The prior art related to magnetic rotor assemblies includes U.S. Pat. Nos. 4,512,885 and 4,861,468 and a unit which incorporates a snap-fit assembly.
In U.S. Pat. No. 4,512,885 there is described an external aquarium filter which includes a rotor magnetically coupled to an electromagnetic stator unit. An impeller is mounted with respect to the rotor for driving engagement by the rotor. In such aforementioned patent, the electromagnetic stator unit is removably coupled to the filter housing and includes a well hermetically separated from the stator stack. The rotor is part of an assembly which comprises a shaft which is fixed with respect to the stator unit. The rotor is rotatingly positioned on the shaft. A magnet is insert molded onto the rotor. The impeller is likewise rotatingly mounted onto the shaft and is operatively connected to be driven by the rotor. The electromagnetic stator unit creates a flux which is cut by the magnet to cause the rotor to rotate upon the shaft and drive the impeller. The impeller creates a reduced pressure which draws the aquarium water into the filter housing for filtration and aeration.
The rotor assembly in the aforementioned patent forms a single unitary assembly including the shaft, the rotor, the magnet mounted onto the rotor, and the impeller. A washer is mounted onto the shaft in order to accommodate thrust forces which are generated by the assembly and reduce noise caused by rubbing of the impeller against the plugs. The plugs are placed at opposing ends of the shaft to fix it in position with one end seated into the well and the other end fixed into an appropriate seat provided in the intake tube.
In U.S. Pat. No. 4,861,468 there is described a rotor impeller assembly which includes a shaft with a magnetic rotor rotationally mounted onto the shaft. An impeller coupled onto a sleeve is also rotationally mounted with respect to the shaft. A clutch mechanism is provided on the inside of the sleeve between the magnetic rotor and the impeller sleeve which rotationally drives the impeller by means of the rotation of the magnetic rotor. A thrust washer is placed on the shaft to accommodate thrust forces generated by the assembly and to reduce the noise caused by rubbing of the impeller against the plugs.
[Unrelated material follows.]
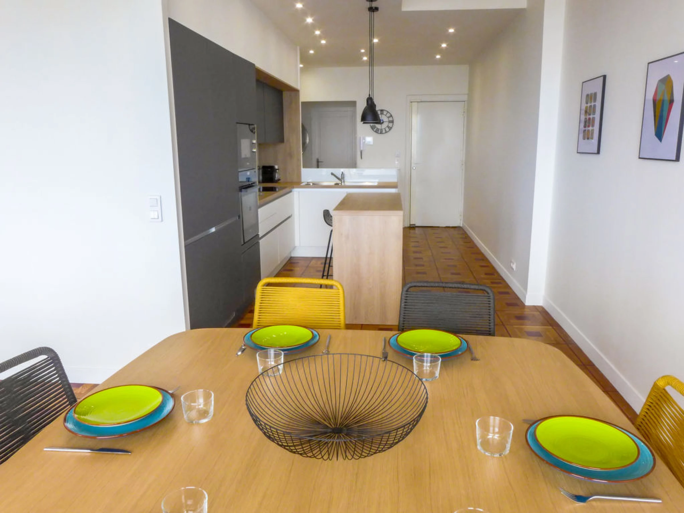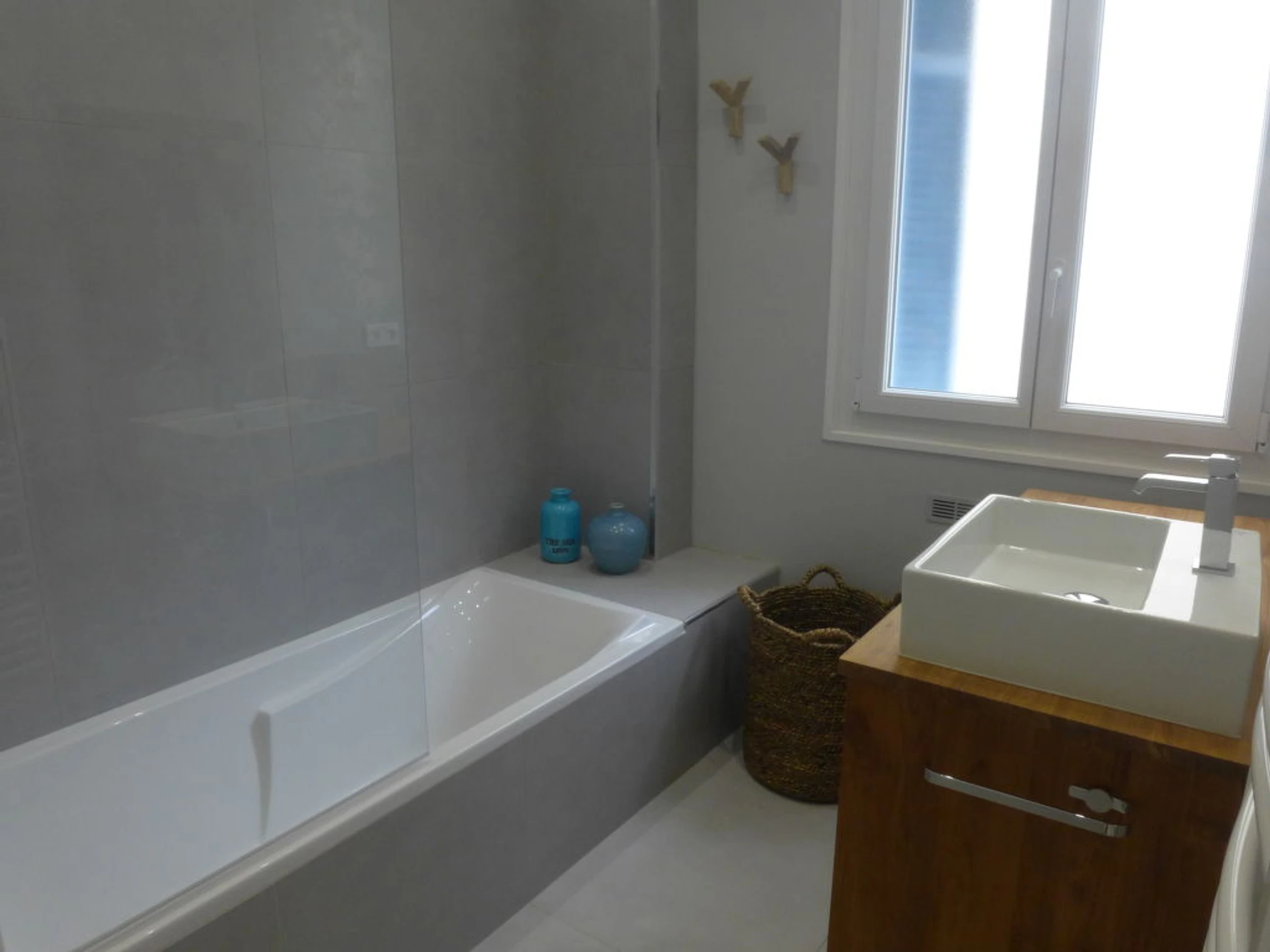 Apt 4 pièces 120 m2 au 1er étage. Spacieux et clair, complètement rénové en 2017, aménagement agréable: grand séjour/salle à manger avec TV (écran plat), volet roulant électrique. Sortie sur le balcon. 1 chambre avec 1 grand-lit (160 cm, longueur 190 cm), douche/WC. 1 chambre avec 1 grand-lit (160 cm, longueur 190 cm). Sortie sur le balcon. 1 chambre avec 1 x 2 lits superposés (90 cm, longueur 190 cm), TV (écran plat). Sortie sur le balcon. Cuisine ouverte (four, lave-vaisselle, 2 plaques à induction, four micro-ondes, congélateur, ilot de cuisine). Bain/douche, WC séparé. Air-conditionné. Sol en parquet. Superbe vue sur la mer. A disposition: lave-linge, sèche-linge, fer à repasser, sèche-cheveux. Internet (Connexion WIFI, en sus). Garage (1 Voiture), hauteur 200 cm, largeur 300 cm. Veuillez noter: logement pour non fumeurs. 06088003805GT

In an additional rotor impeller which is part of the prior art the rotor is mounted onto a shaft with the rotor extended beyond the magnet portion. The impeller, again coupled to a sleeve, and the rotor are assembled by moving them axially toward each other until the impeller sleeve covers a portion of the extended rotor and the geometry of the impeller sleeve flexes and the impeller sleeve snaps onto the extended portion of the rotor. A clutch mechanism, likewise, is provided on the inside of the sleeve. This assembly requires the achievement and maintenance of tight tolerances in the engagement geometry of the two parts in order to accomplish the snap-fit assembly. The maintenance of these tight tolerances requires time consuming and costly procedures during the fabrication of molds for the component parts and costly quality control procedures for every production run. Additional disadvantages of this construction include the need for the extended rotor unit to accommodate the snap-on sleeve of the impeller. This extended rotor results in difficulty in molding due to post molding distortion; i.e., bowing of parts which results in problems in maintaining accurately the coaxial rotation of the rotor.
Both types of prior art impeller assemblies have wide sleeves supporting the impeller with the clutch mechanism inside the sleeve. This large projected area of the impeller assembly just below the impeller blades causes a lift of the impeller assembly. The lifting of the assembly causes the assembly to rub against the support structure resulting in the generation of friction, wear, and objectionable noise.